Strains RW118 and RW464 carrying different colicin promoter region-gfp transcriptional fusions, and control strains without plasmid carrying gfp fusions, were grown with aeration at 37°C. Samples were removed at early stationary phase and chloramphenicol (500 μg ml-1) (Sigma) was added to block protein synthesis. Prior to microscopy, cells were attached to glass slides coated with 0.1% (wt vol-1) poly-L-lysine (Sigma). Fluorescence microscopy to detect expression in single cells was performed using an inverted microscope (Nikon Eclipse TE300), equipped with a Nikon digital camera DXM 1200, and a 488 nm Argon-Ion laser as well as bright field microscopy.
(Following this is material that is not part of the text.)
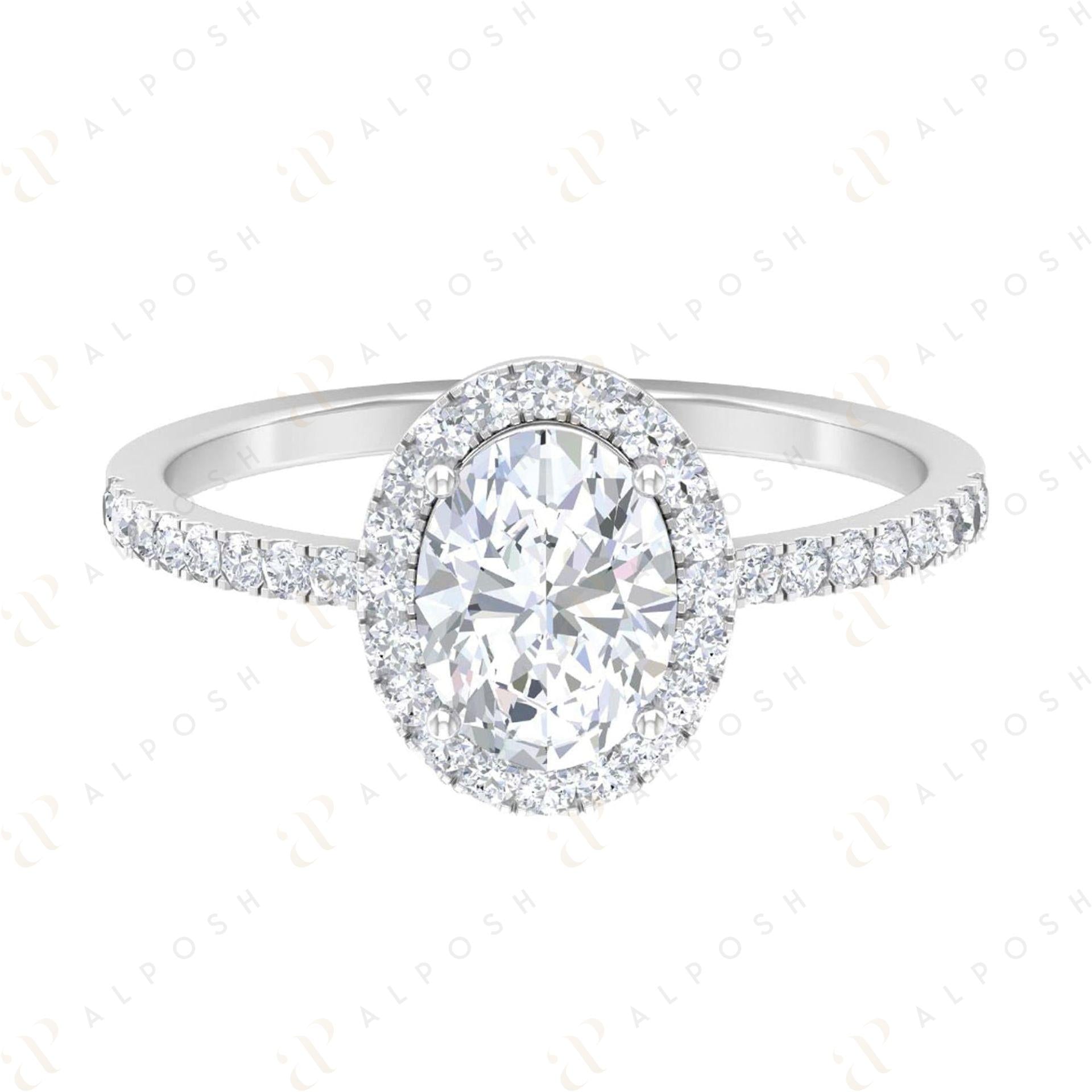 0.85 TCW Oval Cut Halo 10K Moissanite Ring for Women

The examined cells were counted with software for quantification of bacteria by automated image analysis cellC http://www.cs.tut.fi/sgn/csb/cellc/. The fluorescence intensity of individual cells was estimated using image analysis software Scion Image http://www.scioncorp.com as previously described . The fluorescent micrographs were converted to greyscale images. The density window was established by using density slice matching the shape of the cells with the highest fluorescence intensity and that of the cells with the lowest intensity, gaining the top and the bottom boundaries (respectively) of the density window. For greater clearness the density index scale is determined from 0 (black) to 256 (white). All micrographs were taken at exactly the same conditions; thus the density window gives good correlation to the fluorescence intensity of the analyzed population.
Simultaneous expression of the cka-DsRed-Express2 and the lexA-gfp fusions was investigated employing a laser scanning Confocal Microscope (Zeiss, Göttingen, Germany).
Results and discussion
Pore forming and nuclease colicins exhibit heterogeneity
Cells expressing SOS regulated genes in the wild type RW118
gfp transcriptional fusion
% of intensely fluorescent cells
Fluorescence threshold level*
SOS genes exhibit heterogeneity
Previously, single cell expression of a sulA-gfp fusion was investigated . SulA is synthesized in large amounts during the SOS response and inhibits cell division by binding to FtsZ, the major component of the cell division machinery . The sulA operator has a HI of 4.65 and thus binds LexA tightly. The authors found that in the absence of exogenous DNA damaging agents only approximately 0.3% of the examined cells fully expressed sulA.
The SOS genes, polB, dinB and umuDC, encode specialized DNA polymerases II, IV and V respectively, which can bypass DNA lesions yet with reduced fidelity introducing mutations to newly synthesized DNA . The operon encoding PolV is regulated by an SOS box that exhibits one of the highest predicted LexA binding affinities, with a HI of 2.77 . It was shown that only upon full induction of the SOS response UmuD is synthesized and persists as a full length dimer . Accordingly, fluorescence emission from the umuDC-gfp fusion was observed in a very small fraction of the examined cells (0.09%) and no detectable basal level of expression was observed among the large majority of the population. Our results show that in the absence of exogenous DNA damaging agents very low levels of umuDC promoter activity is detected. As translesion synthesis must be employed only when necessary, synthesis of the specialized polymerases is under physiological conditions controlled by complex regulation at the level of transcription and posttranslation.
SOS regulated genes are expressed in a recA defective strain
Cells expressing SOS regulated genes in the recA defective strain RW464
gfp transcriptional fusion
% of intensely fluorescent cells
Fluorescence threshold level*
Both the recA-gfp and lexA-gfp fusions were expressed in the recA defective strain RW464, albeit at a lower level compared to the wild type (Table 4, Figure 2, Figure 3), with a small fraction of the population exhibiting high fluorescence indicating that, stochastic factors could be involved. Filamentation due to delay in cell division is evident among the less robust recA defective strain. However, expression of the investigated genes was not limited to filamented cells (Figure 3).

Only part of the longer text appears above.